Видно, я задел его за живое. Он рассердился и, упомянув Сократа, сказал о нем такое, чего из уважения к мертвому я не напишу здесь даже через столько лет.
А еще через несколько дней я застал мать за ткацким станком всю в слезах. Рядом никого не было, и я умолял ее рассказать, что случилось. Но она только покачала головой и ничего не ответила. Я подошел к ней ближе, так что одежды наши задевали друг друга, а на лице я ощутил легкое прикосновение ее пышных волос. Мне хотелось обнять ее, но внезапно возникло смущение; я сдержал готовый вырваться вздох и молча застыл.
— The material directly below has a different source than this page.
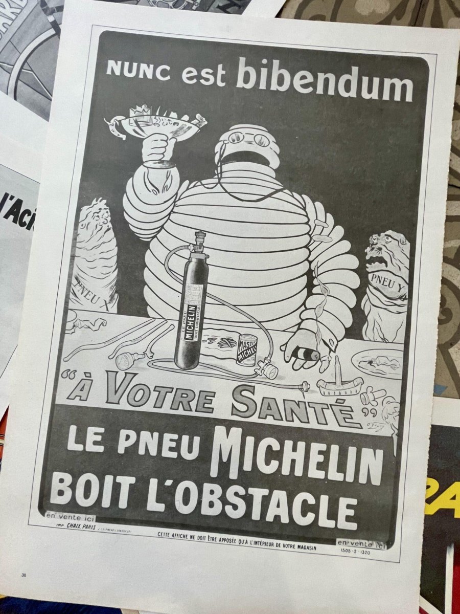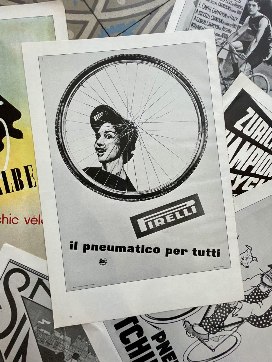 Affiche publicitaire Peugeot, Raleigh, Bianci, Michelin, Pirelli…
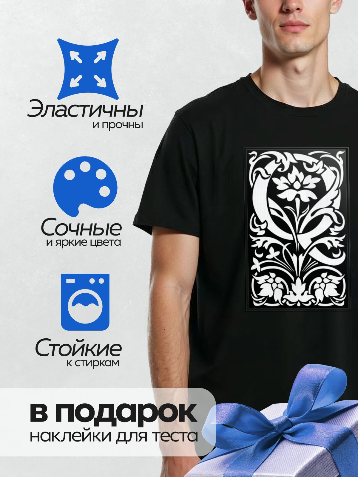 Дизайн: Черно-белый орнамент с цветочными элементами. — идеально подходит для декора и восстановления одежды.

Она не поворачивалась ко мне, пытаясь скрыть слезы. Наконец я промолвил:
– Матушка, что же мы будем делать?
Она снова покачала головой и, чуть повернувшись, положила руку мне на грудь. Я накрыл ее ладонью и через ее пальцы почувствовал удары своего сердца. Она начала было мягко высвобождать руку – и вдруг быстро и резко оттолкнула меня. Тут и я услышал снаружи стук отцовской палки. Я стоял, словно оцепенев; мне невыносимо было оставаться, но и убежать я не мог пока не услышал ее голос: она отсылала меня с каким-то поручением по дому. Выходя, я услышал, как он резким тоном спрашивает, чем она обеспокоена.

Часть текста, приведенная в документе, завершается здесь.